Clifford Geertz, dalam buku The Religion of Java (1960), mengakui adanya trikotomi di masyarakat Jawa, yaitu abangan, santri dan priyayi. Pandangan ini telah mempengaruhi banyak orang dalam melakukan analisis, baik tentang hubungan antara agama dan budaya ataupun hubungan antara agama dan politik. Dalam diskursus interaksi antara agama, khususnya Islam, dan budaya di Jawa, pandangan Geertz telah mengilhami banyak orang untuk melihat lebih mendalam tentang interrelasi antara keduanya.
Akulturasi
Perkembagan dunia modern telah berhasil membawa manusia kepada era yang tidak pernah dibayangkan oleh nenek moyang sebelumnya. Menurut Nurcholis Madjid (1997), dunia modern mengharuskan manusia modern “mampu menyesuiakan” dengan perkembangan jaman. Tidak sekedar mengikuti tradisi sebelumnya.

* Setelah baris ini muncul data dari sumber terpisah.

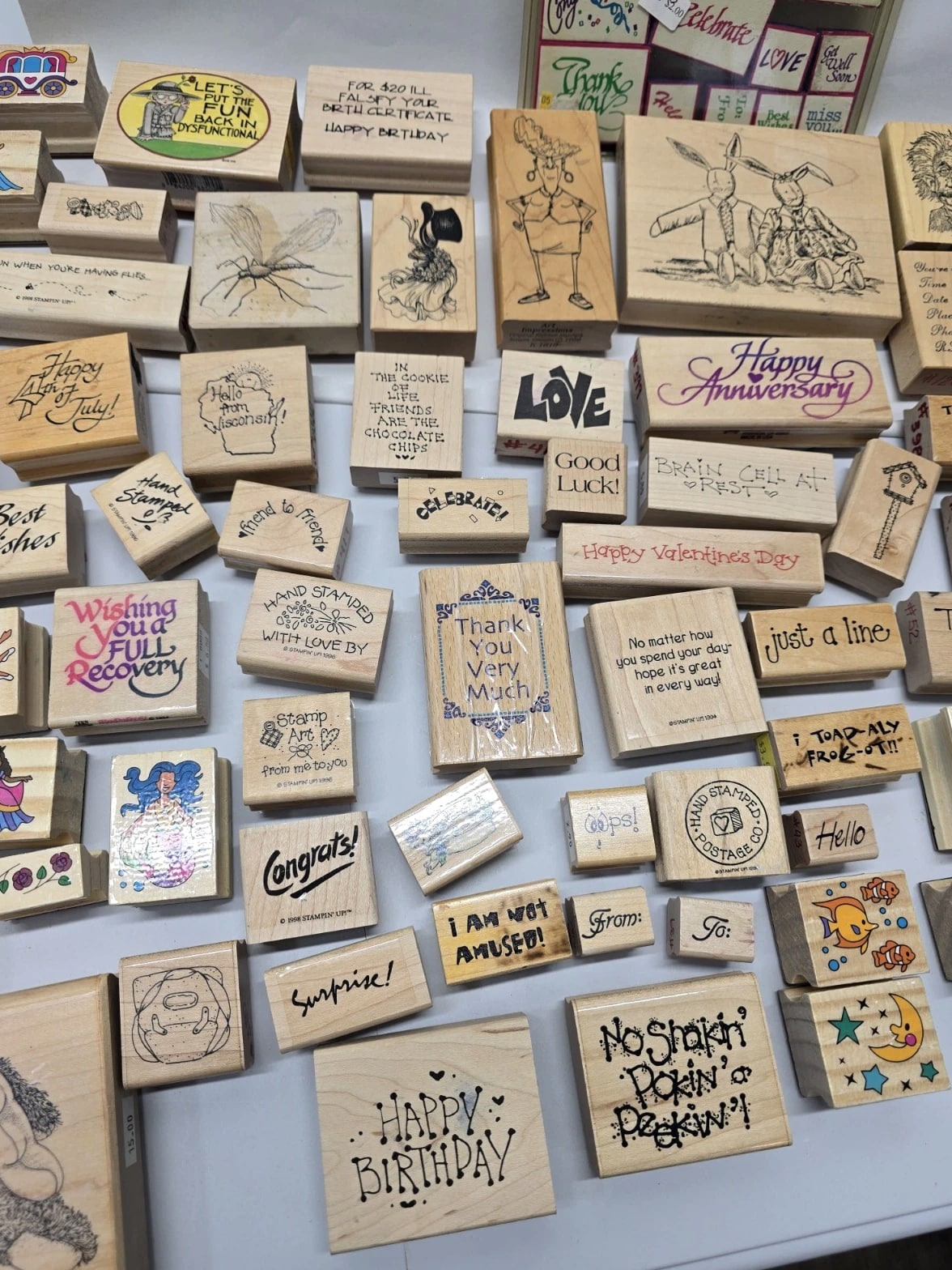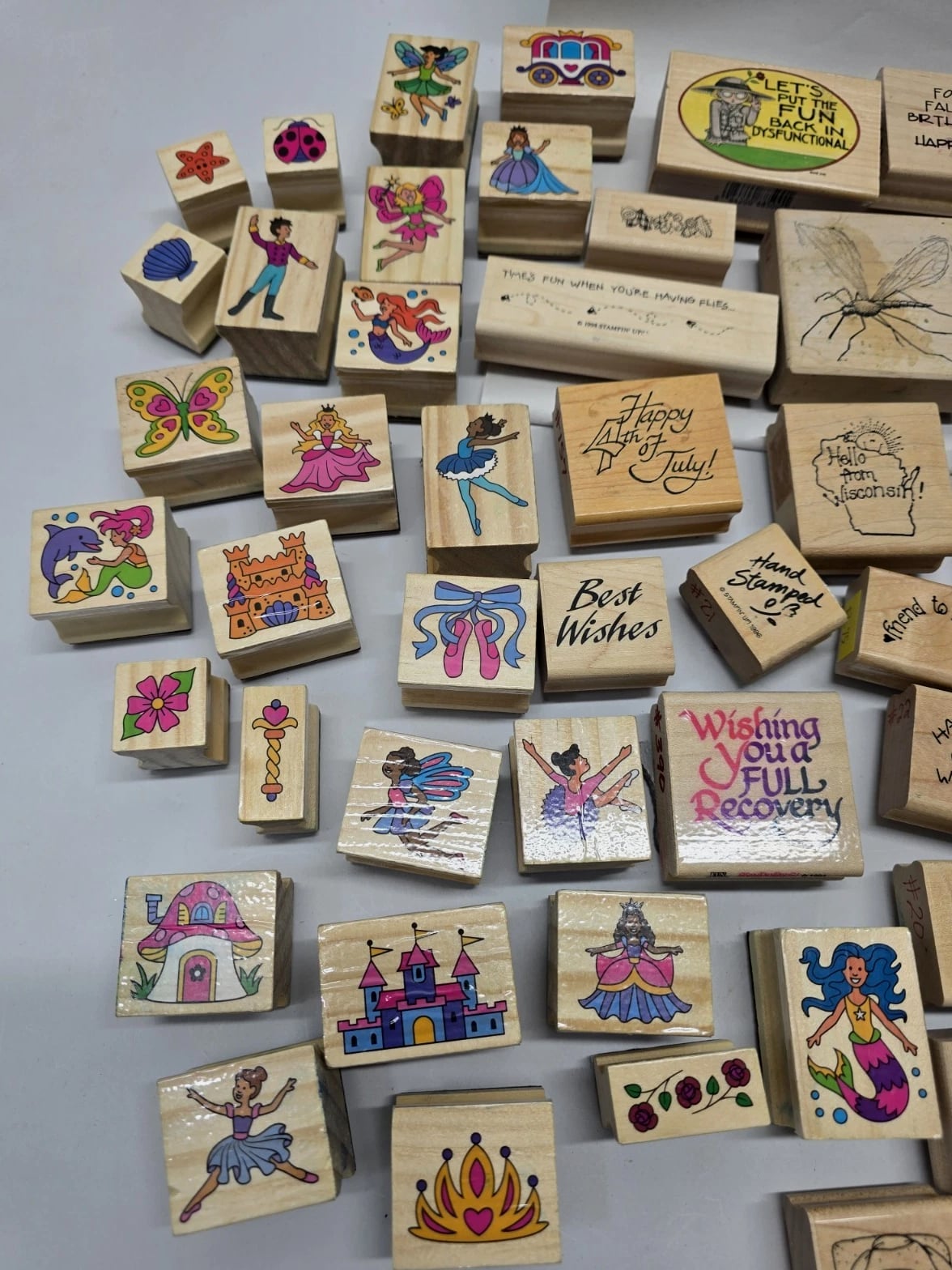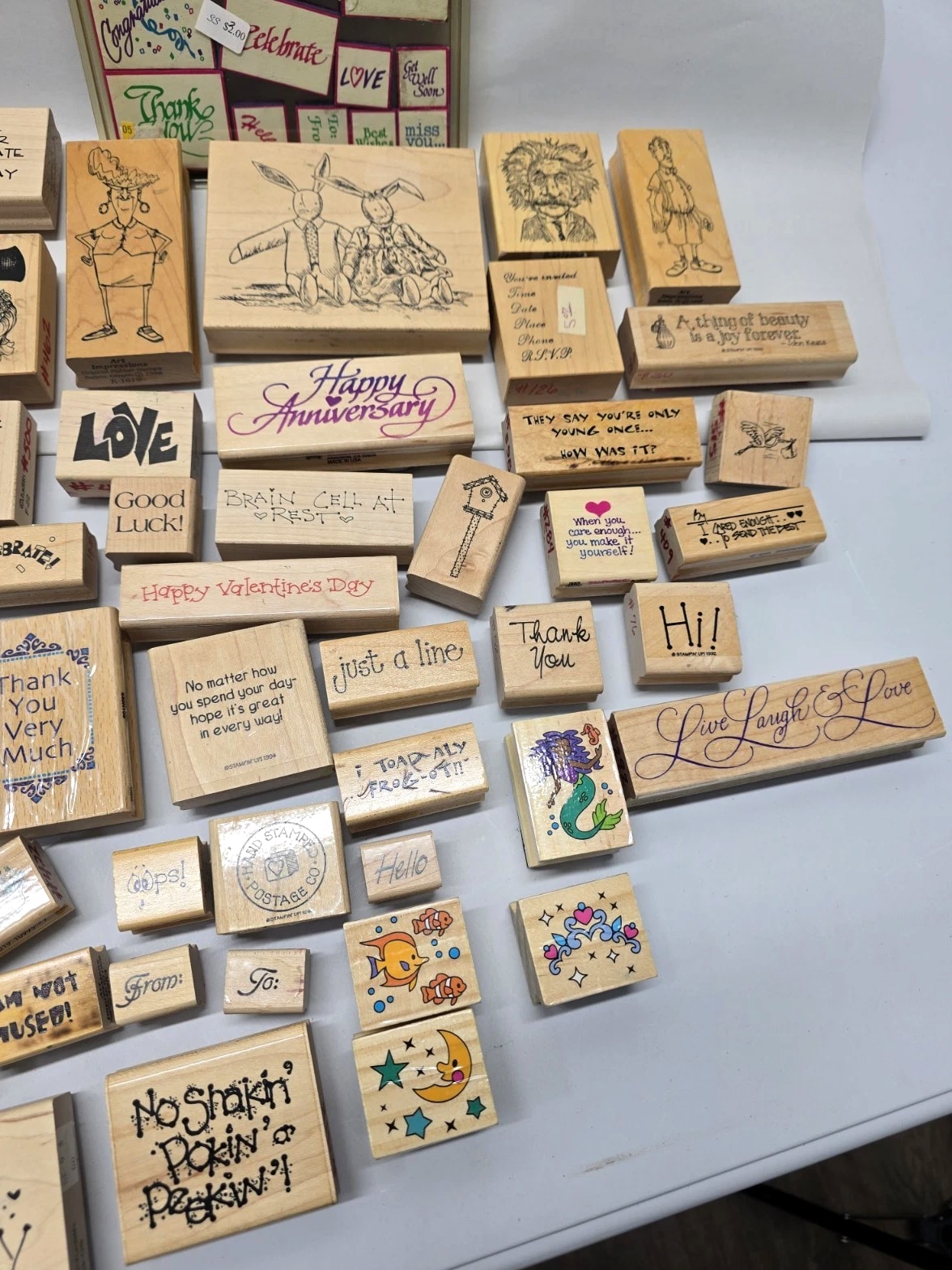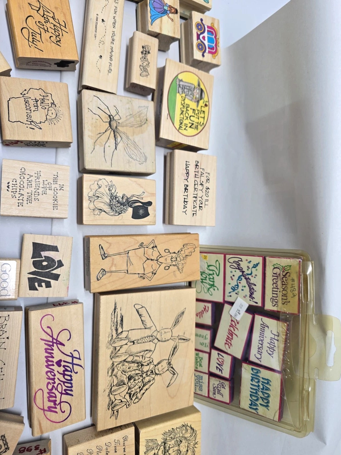 This collection is a LOT of 94 vintage and modern wooden and rubber ink stamps, excellent for arts and crafts projects. The stamps showcase a blend of vintage and modern designs with art-focused themes. Constructed from wood and rubber, these stamps are durable and flexible, perfect for creating distinctive and personalized work. Whether an experienced crafter or beginner, this stamp lot provides extensive creative options for your upcoming projects. We ship fast!
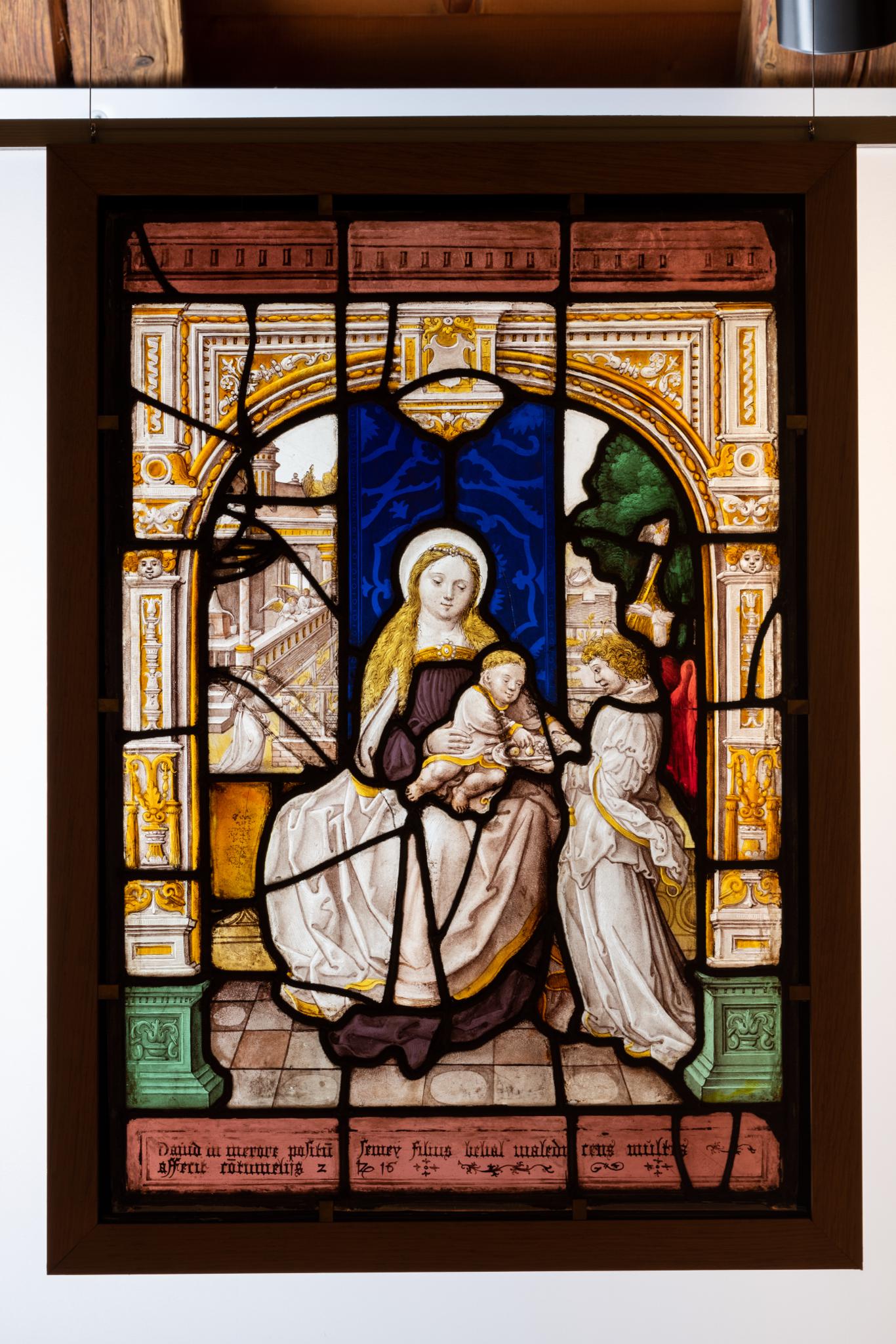 Aussi, l’invention voire l’exécution de ce panneau ont été rapprochées de l’oeuvre de Lucas van Leyden (1494-1533) (Kurmann-Schwarz et Trümpler 2006 – cf. Romont, Vitromusée Romont, documentation, inv. VMR 647, consultée le 4 avril 2022), éventuellement la figure écrasée de l’enfant que l’on peut retrouver dans une xylographie de ce dernier, daté de 1514, représentant une Vierge à l’Enfant assise sous un arbre (Amsterdam, Rijksmuseum, Print, inv. RP-P-OB-1662). Le langage employé, caractérisé par des formes arrondies et une culture qui oscille entre un gothique tardif et une renaissance fantaisiste, trahit plutôt une culture visuelle des anciens Pays-Bas méridionaux, probablement un peintre périphérique, peut-être de Louvain voire de Malines, qui, actif vers 1520, n’est pas insensible aux oeuvres graphiques d’Albrecht Dürer (1571-1528). Dans l’état actuel des recherches, aucune proposition d’attribution satisfaisante ne peut, pour l’heure, être formulée.
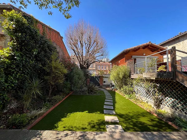 La ville rose regorge de splendides pépites. Pour une maison à l’abri des regards, ses propriétaires ont décidé d’aménager leur jardin avec du gazon synthétique. Après une installation Saccinto clé en main : préparation de sol, évacuation et installation du gazon, un chemin en pas japonais a été incrusté pour relier une terrasse tout bois à la rue. Métamorphose réussie !
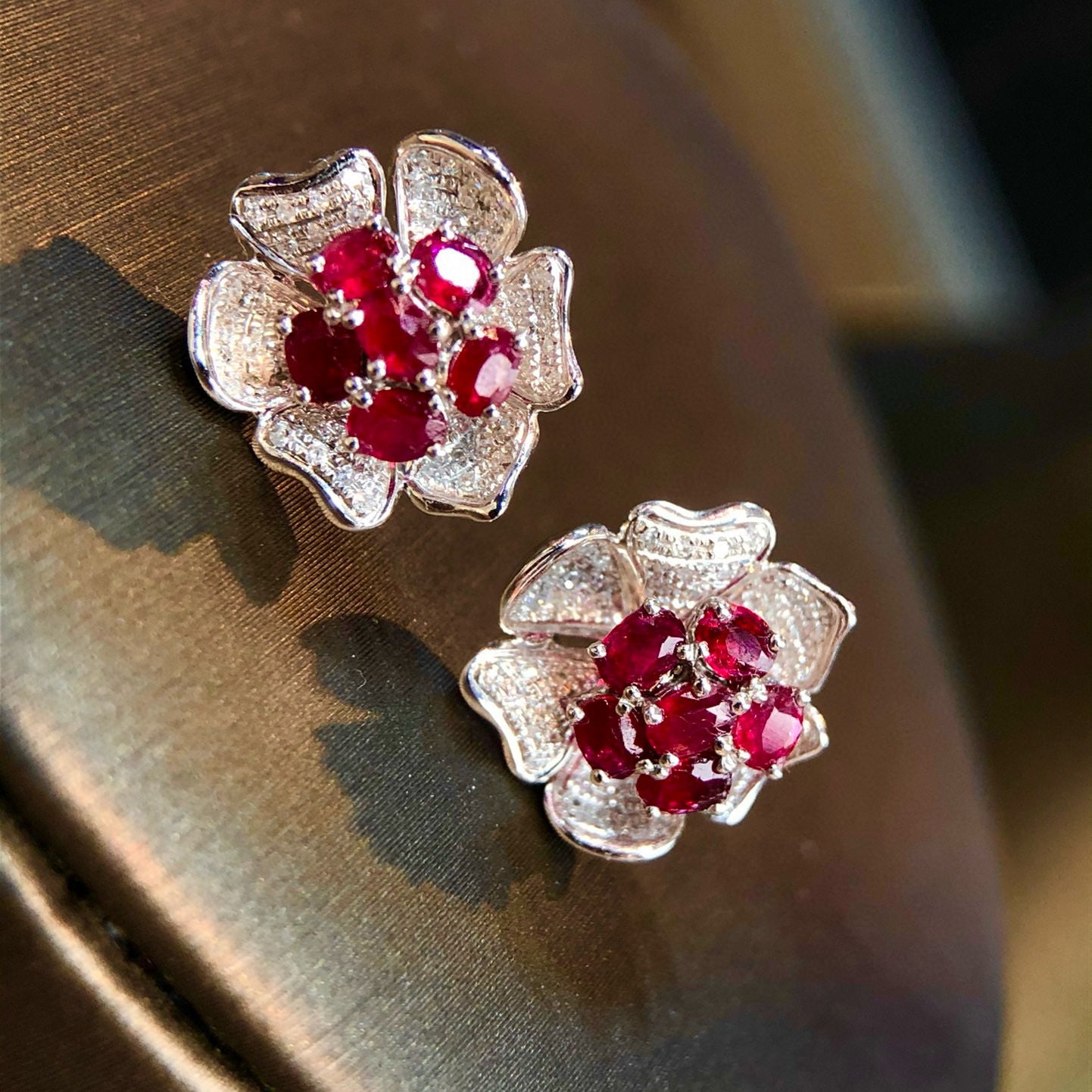 14K GOLD 1.5 CT NATURAL RUBY & DIAMOND EARRINGS
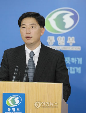 资料图片:统一部发言人千海成(韩联社)
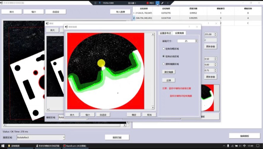 C++ OpenCV模板匹配框架源码,包括有方向矩形ROI、圆形ROI、环形ROI创建模板,画笔可以对模板区域涂抹实现屏蔽或选取,c++ opencv开发的基于形状多模板多目标的模板匹配源码,可实现定位,计数,分类等等,定位精度可达亚像素级别,运行速度采用并行加速。 开发工具:qt(msvc2015) + opencv4.6,工具自备
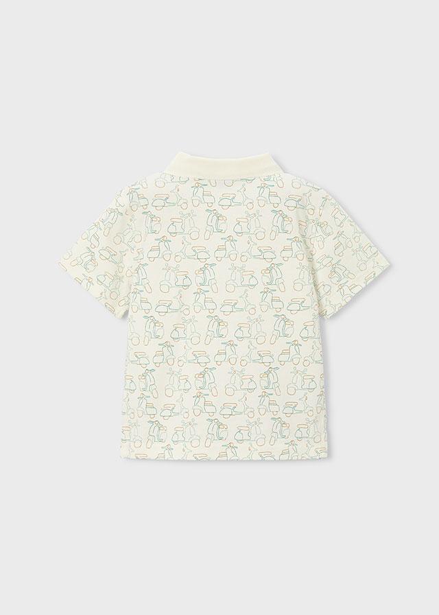 Nuevo polo de manga corta de la colección de Mayoral de niño para esta primavera verano 2026 modelo 26-03104-085 confeccionado en algodón blanco estampado por todo él con pequeñas motos vespa.
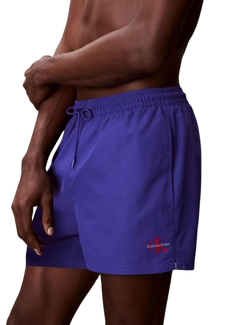Costume da bagno Calvin Klein Jeans. Modello Blue River. Colore viola. Vita elastica con coulisse. Vestibilità regolare. Logo stampato sul fondo. Tasche laterali. Stile semplice.
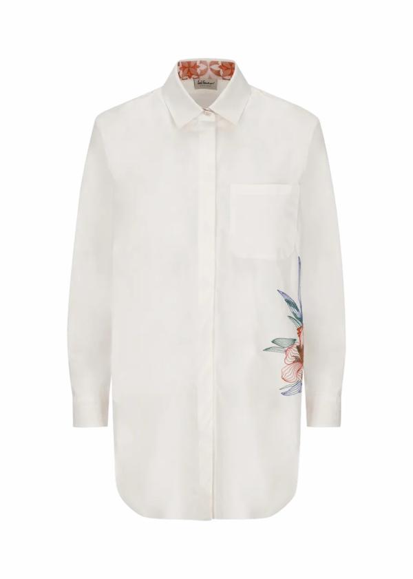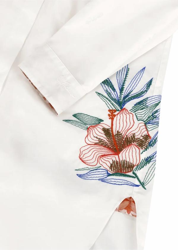 - Französischer Kragen, durchgehende versteckte Knopfleiste, große florale Stickerei an der Seite

Pada konteks nyadran di Desa Mlorah, fakta ini sudah ditunjukkan secara nyata. Keberagamaan masyarakat Desa Mlorah yang sudah mulai meningkat, mengharuskan adanya akulturasi terhadap tradisi nyadran. Tentu dengan berbagai ritual yang penuh dengan nilai-nilai Islam.
Tidak mengherankan jika pada dua dekade terakhir ini, setiap nyadran selalu dirangkai dengan khatmil Qur’an, tahlil, pengajian umum dan shalawatan. Tentu dengan tetap melestarikan tradisi lama yang terus dipertahankan, terutama pertunjukan wayang golek dan langen beksa (tayub). Lokasinya pun tetap seperti dahulu, di rumah kepala desa dan punden desa di sebelah SDN Mlorah 1.
Di samping itu, tiga situs awal di Desa Mlorah sudah saatnya dieksplorasi sebagai lokasi berbagai rangkaian kegiatan nyadran. Jika memungkinkan, tidak mustahil menjadi jujugan dalam melakukan ziyarah. Baik situs kuno batu lingga di punden Mbah Jantho, petirtan Mbah Janeng di selatan maupun makam kuno Mbah Canthing di pojok’an Desa Mlorah.
Ketiga situs ini bersesuai dengan peta desa dari KITLV Leiden Belanda. Peta itu dibuat pada Juli 1892. Dalam peta menunjukkan wilayah Desa Mlorah di akhir abad XVIII Masehi.
Akulturasi nilai-nilai Islam kepda tradisi nyadran diidentifikasi sebagai bentuk manifestasi keterbukaan kaum santri dalam “menerima” tradisi lama yang belum bisa diubah. Sebagaimana tulisan Zamakhsyari Dhofier dalam buku The Pesantren Tradition (1980), kaum santri merupakan sosok yang konsisten melaksanakan ajaran agamanya. Meski tetap membaca kondisi riil di lapangan di bawah bimbingan kiainya.
Perpaduan yang apik ini dalam tradisi nyadran di Desa Mlorah tentu membutuhkan waktu lama untuk merealisasikan. Tidak seperti membalikkan telapak tangan. Dibutuhkan kesepahaman dari para pemangku adat dan tokoh agama dalam menemukan titik kompromi demi kebaikan bersama.
Tradisi nyadran yang sudah turun temurun di Desa Mlorah merupakan warisan leluhur yang harus tetap dilestarikan. Berbagai nilai positif tentu akan bisa dipetik dari tradisi ini. Mulai dari menjalin silaturahim, nilai sedekah kepada sesama dan gotong royong akan dengan mudah ditemukan dalam nyadran.
Hal yang paling penting untuk digarisbawahi adalah adanya upaya untuk terus menjaga sejarah desa. Histori ini penting untuk tidak dibelokkan oleh oknum-oknum yang sekedar mencari untung dari pemutarbalikkan sejarah itu sendiri. Ini harus terus dilakukan bagi warga Desa Mlorah yang mayoritas masih agraris. Meski gempuran industrialiasasi yang mengarah kepada individualistik makin mengancam.